Personnel working in more prominent -- and visible -- locations, such as the Pentagon, are not affected by the ban.

Comments

  • Reply 1 of 10
    I used to play Call of Duty on Xbox and the multiplayer had a feature where it would show lights indicating the locations all the players in the world on a globe. The U.S. of course was lit like a Christmas tree, but in Asia and Africa it was completely dark except for a few notable specks in Iraq, Afghanistan, Somalia, etc. which were obviously U.S. troops playing in their off-duty time.
  • Reply 2 of 10
    FolioFolio Posts: 339member
    QUOTE OF THE DAY: "It goes back to making sure we're not giving the enemy an unfair advantage and we're not showcasing the exact location of our troops worldwide," Pentagon spokesman Col. Rob Manning advised. HMMM...."an unfair advantage?" I thought all was fair in love and war. Is the Pentagon implying its ok to give the enemy a fair advantage?
  • Reply 3 of 10
    MacProMacPro Posts: 17,463member
    Easy solution ...  Airplane Mode / Warrior Mode ;)
    lovemn
  • Reply 4 of 10
    MacProMacPro Posts: 17,463member
    Folio said:
    QUOTE OF THE DAY: "It goes back to making sure we're not giving the enemy an unfair advantage and we're not showcasing the exact location of our troops worldwide," Pentagon spokesman Col. Rob Manning advised. HMMM...."an unfair advantage?" I thought all was fair in love and war. Is the Pentagon implying its ok to give the enemy a fair advantage?
    ROFL
  • Reply 5 of 10
    rob53rob53 Posts: 1,888member
    This is an obvious setting for government personnel using government managed mobile devices. It should be included in their MDM settings. As for personal use, I didn't think military personnel actually had a personal life, they were 24/7 under the control of the military so even their "personal" mobile devices should be under the control of DoD MDM servers. This could also go for certain corporate employees with sensitive jobs. It all comes down to whether someone wants to protect not only their private information but, more importantly, where they are at any given time. 
  • Reply 6 of 10
    Folio said:
    QUOTE OF THE DAY: "It goes back to making sure we're not giving the enemy an unfair advantage and we're not showcasing the exact location of our troops worldwide," Pentagon spokesman Col. Rob Manning advised. HMMM...."an unfair advantage?" I thought all was fair in love and war. Is the Pentagon implying its ok to give the enemy a fair advantage?
    Right.  He should have said something like "unnecessary advantage" or "unintended advantage."  They aren't playing esports, after all.
  • Reply 7 of 10
    dewmedewme Posts: 1,493member
    This absolutely makes sense and reflects military personnel having to adapt their behaviors to work effectively with the technology of the day. Back when I was in the Navy we were lucky to get one letter in the mail once a week and a phone call back to the states once a month. Even with those primitive forms of communication there were still prohibitions on disclosing any information regarding ship movements, port visits, activities, etc. At the ship level there were times when radio, radar, sonar, IFF transponders, location beacons, etc., and other forms of emissions were silenced. Today every person carrying a smart device is connected nearly all of the time and every person with a connected device is essentially a location beacon. This doesn't mean these new capabilities need to be prohibited, they do serve a very important purpose for communication and morale, they just need to be controlled and managed in a disciplined manner just like everything else that is expected of individual soldiers, sailors, and airmen.
  • Reply 8 of 10
    "The app's heat maps were found to help show where people were working out in war zones, indicting a strong likelihood military personnel were operating in the region."

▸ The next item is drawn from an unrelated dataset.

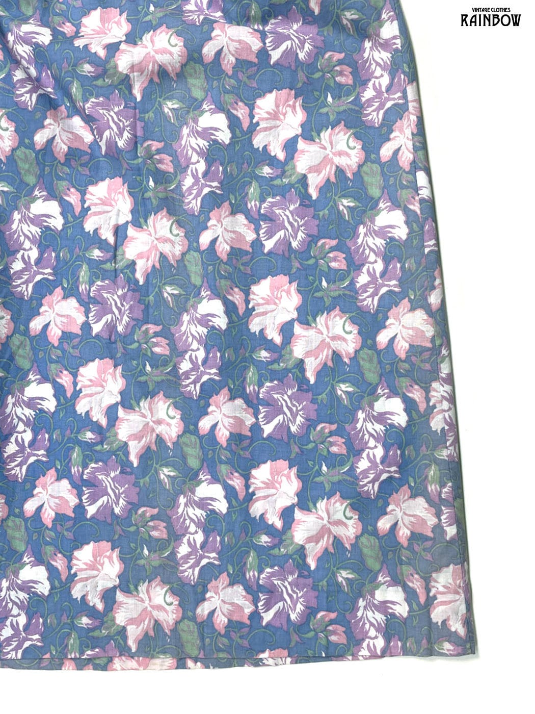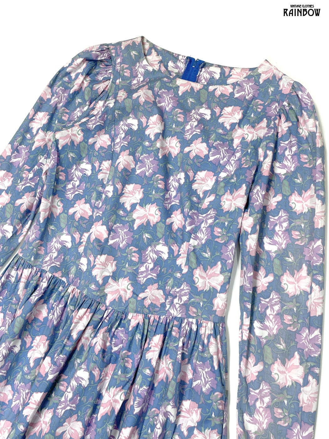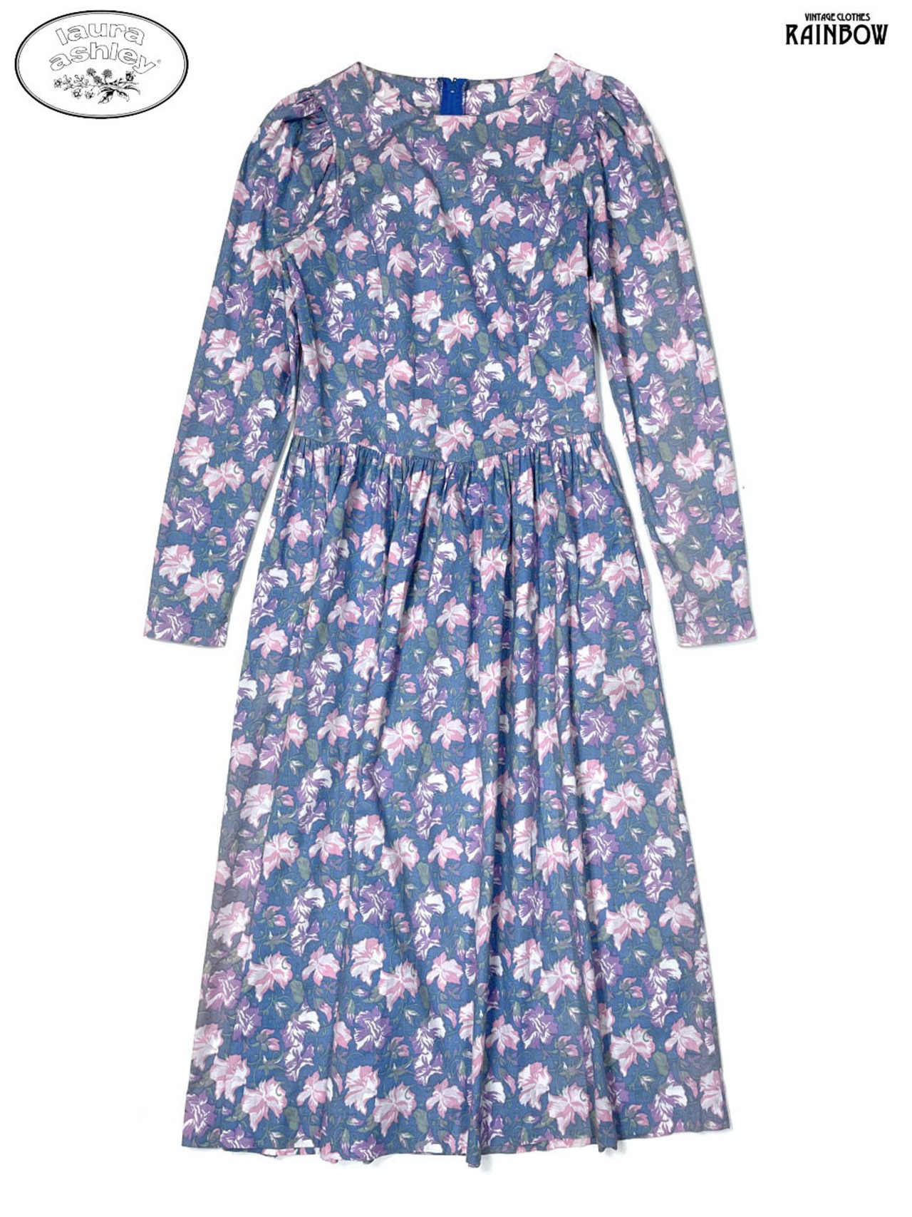 #ワンピース #ロングスリーブ #ロング丈 #ウエスト切り替え #紫 #水色 #花柄 #イギリス製 #ガーリー #コットン #長袖花柄ワンピース

    Yeah the heat map gave them away, not the huge uptick in enemy casualties in the area. 
    franklinjackcon
  • Reply 9 of 10
    That’s quite strange, doesn’t a vpn ghost your location? 
  • Reply 10 of 10
    macguimacgui Posts: 797member
    randominternetperson said:
    He should have said something like "unnecessary advantage" or "unintended advantage."  They aren't playing esports, after all.
    No, he should have said 'tactical advantage'.